Thomas Cook dipped 0.5p to 16p on the small-cap index amid caution ahead of its upcoming third-quarter results, with scribblers from Citigroup predicting "another weak quarterly performance" and cutting their earnings forecasts.

On Aim, ENK surged up 3.88p to 17.62p after revealing it had received an approach from an unnamed suitor which it said could lead to an offer being made. However, the nickel miner warned that a "significant premium" would be required.

UBM 652.5p (up 45.5p, 7.5 per cent) The City applauds media group's results, which show a 13 per cent jump in operating profits over the first-half, while bosses say it could sell its data services business.

William Hill 311.1p (up 20.7p, 7.13 per cent) Bookie finishes the session near the top of the mid-tier index's leaderboard after saying its profits for the first six months of the year had risen by 13 per cent.

New World Resources 300.7p (down 11p, 3.53 per cent) Czech coal miner ends up clutching the wooden spoon despite saying it remains on course to meet its production and sales targets for the year.

AG Barr 425p (down 5.7p, 1.32 per cent) Irn Bru-owner falls after admitting its profits for the first-half of the year will be just below what it managed over the same period twelve months previously.

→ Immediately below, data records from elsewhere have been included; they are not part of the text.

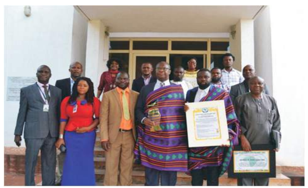
The Vice-Chancellor, Principal Officers of the University of Nigeria and members of African Students Union Parliament (ASUP) after conferring "Pan-African Distinguished Price for Excellence Award" on the Vice-Chancellor, at the University of Nigeria.
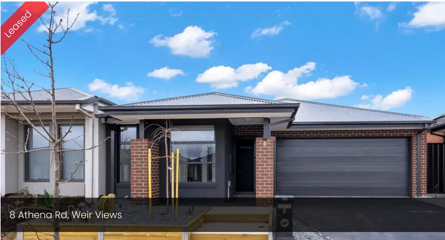
8 Athena Rd, Weir Views
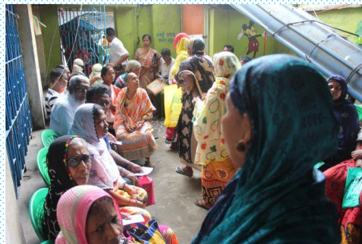
An Eye Camp at Pujali, Budge Budge underway
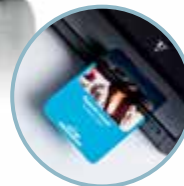
Plastic ID card slot
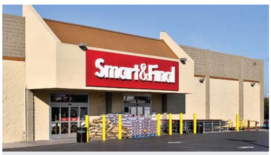
In December 2013, HIG NNN represented the seller in the sale of a single-tenant NNN Smart & Final in Fresno, Calif., for $6.3 million.

current tenant paying above, at or below market rent? Find out the past couple comparable leases that have been executed in the trade area. This information is extremely valuable to better understand if your tenant's rent is above or below market.
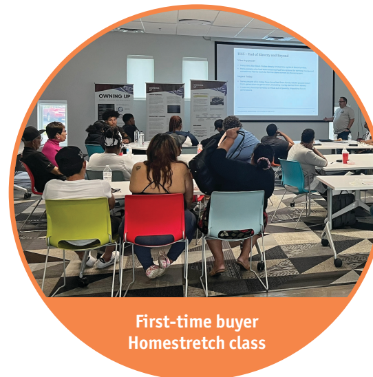
First-time buyer Homestretch class

Creative approaches and systems change to resist gentrification and offer people quality, affordable choices to stay in their community.
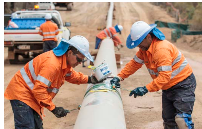
Protal 7200™ liquid coating applied to Field Joints, Australia.
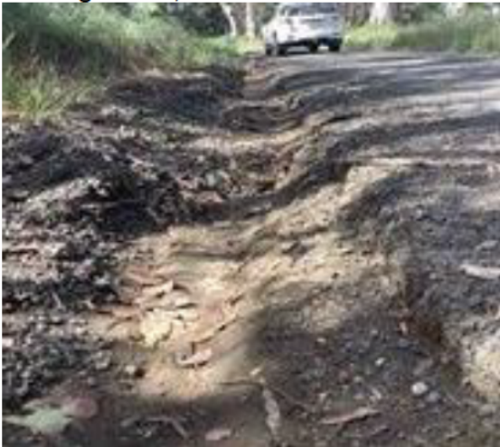
Tarcombe Rd, Avenel

Lloyds 30.21p (up 1.07p, 3.67 per cent) Bank given a push higher by analysts from RBC reiterating their "outperform" recommendation, although they do trim their price target to 44p from 50p.

ITV 78.2p (up 2.35p, 3.1 per cent) Broadcaster continues to advance following its interim results on Thursday, despite Berenberg keeping its "sell" advice and cutting its target price to 79p.

Pearson 1,230p (down 64p, 4.95 per cent) Publisher is left in last place on the top-tier index after revealing its operating profit for the first-half of the year dropped 10 per cent.

Rolls-Royce 875.5p (down 9.5p, 1.07 per cent) Engineering giant eases back despite scribes from both Natixis and Barclays raising their target price on the stock to 950p and 935p respectively.